Our reading is the first three chapters of City of Inmates: Conquest, Rebellion, and the Rise of Human Caging in Los Angeles, 1771-1965, by Kelly Lytle Hernández. You’ll find it on Sakai as 03_LytleHernandez.pdf.
Your job is to do the reading and then write about it, in your first Reading Analysis assignment. Remember to create your Good Drive folder (named “YourFirstName 127CH”) and to share it with me (making sure to give me “Editor” privileges. Then all you have to do is create a new Google Doc in that same folder.
These short 1-2 pagers are spaces for you to develop your analysis of some aspect of the readings. In that sense, you’re preparing an initial contribution you can make to the class discussion. Be sure to engage with the text as a way of substantiating your claims. In other words, as you explore what some component of this book means, don’t just tell us what you think, give us a taste of how you arrived at your analytical conclusion.
Your primary job for the week is to prepare yourself for our seminar on the reading. The easiest way to do that is to come prepared with ideas, reactions, conclusions, and questions to share. We are engaging each other and a field of scholarship in conversation. The author has started the conversation. How are you going to jump in? Take a look at the appendix of our syllabus if you need more direction.
Finally, we briefly talked about two things in our first class: paying attention to footnotes and reading “more than you’re expected.” As you read these chapters of City of Inmates, be sure to follow her citations, too. There are lots of authors Lytle Hernández references and discusses as she makes her argument. Pick one—ideally one she cites in her discussion of an idea or topic that intrigues you—and try to learn a little more about the work by looking up the book or article she cites.
Congratulations on getting to the end of the first week of classes. I mean, it would have happened even if you didn’t do anything, but you at least showed up. Now let’s dive into this field and see what we can learn. Be well until next Tuesday…
Welcome to the website for our Spring 2021 course “American Inequality” (HIST 127 CH PO).
I’m I’m Tomás Summers Sandoval, but you can call me “Profe.” I’m an Associate Professor of History and Chicanx~Latinx Studies at Pomona College, and the Coordinator of Pomona’s Chicanx-Latinx Studies Program. Most importantly, I’m really excited to learn with you over the next semester!
This website is our primary online home and the main way we’ll communicate with each other when we’re not in class. We’ll use Sakai for only a few things (most importantly, it will be where you access all of your readings for the semester). This website is where I’ll post weekly announcements (right here on the front page) and field any questions that may arise.
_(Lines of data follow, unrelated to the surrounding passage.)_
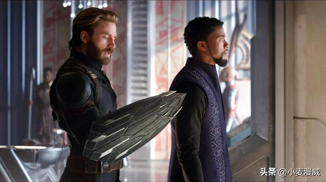 《美队3》之后,失去盾牌的史蒂夫来到瓦坎达,为了对抗灭霸的大军,黑豹特查拉给史蒂夫打造了一对护腕盾牌。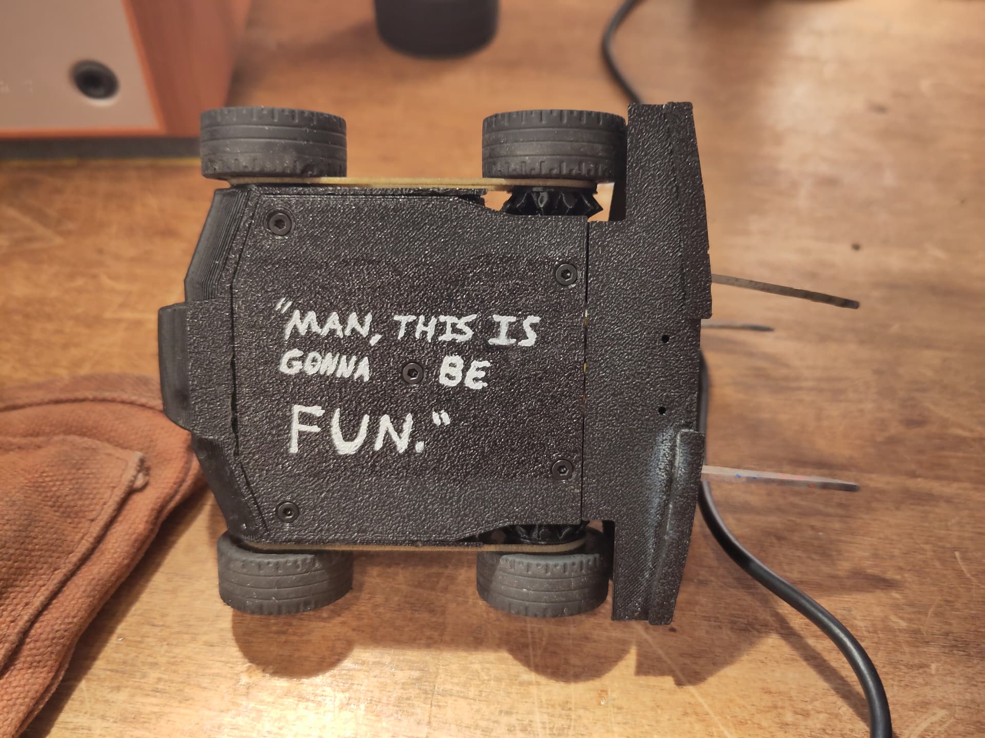 I’m also hoping to improve the drive further, these aliexpress N20s struggle to overcome the stiction in the bevel gears and belts at low speeds, so low speed control is a challenge. I’ll start by gearing them down a little, but I’ll likely end up swapping in some spicier N10s to save weight at the same time. With more power it’ll need more traction, so I’ll play with some different tyre options.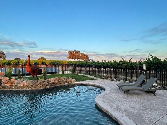 Beautiful home with amazing views of the vineyard. 3535 sq ft home with spiral staircase, living room has vaulted ceilings, 4 bedrooms upstairs, office downstairs, stone kitchen counters, rooms have carpets, laundry room with sink & cabinets, half bath access to backyard to the pool area, patio for bbq. Beautiful 2 year pool with solar heating. Home has fully paid solar panels, in demand water heater. Home is surrounded by views from all sides.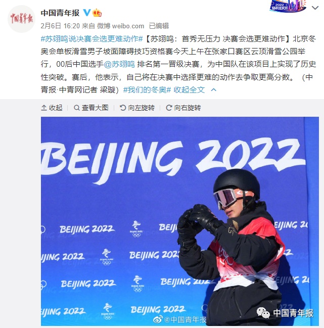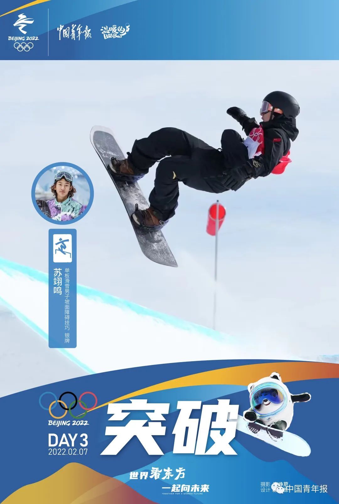 刚刚结束的冬奥会单板滑雪男子坡面障碍技巧决赛中,17岁小将苏翊鸣在“雪长城”造型的场地上不断挑战高难度,翻出1800,以一枚银牌创造了中国队在该项目上的冬奥历史最佳成绩。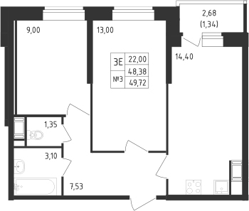 - Комнат: 3Е-к.кв

In the pages above you’ll find just about everything you need to know about our class: our description and “commitment”; our learning outcomes; assignments; grading policies; and information about our readings. In the password-protected “Schedule” page, you’ll find a detailed list of the work you’re expected to do each week. (The password to access the “Schedule” page is on Sakai now.)
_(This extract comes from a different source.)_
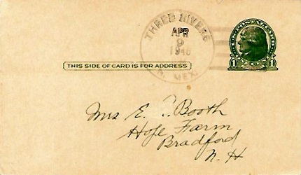 | Hand cancellation: "THREE RIVERS, N. MEX. APR 9 1946". |

While we hope this semester will bear witness to a greatly improved public health reality––one that will bring us back to the normalcy we all miss––we are still learning together in a challenging time. Times like these require creativity, flexibility, and collective effort. I’ve put a lot of work into designing a course that makes sense for these times, but its success is going to rely on you, too. As we face the road ahead, I hope you will gain strength and purpose from what we know for certain: we are stronger, smarter, and better as a group than we can ever be as individuals.
Our time together begins on Tuesday, January 26 at 12:45 p.m. (Pacific time). You’ll find the information you need to login to our Zoom classroom on Sakai. I look forward to seeing you then.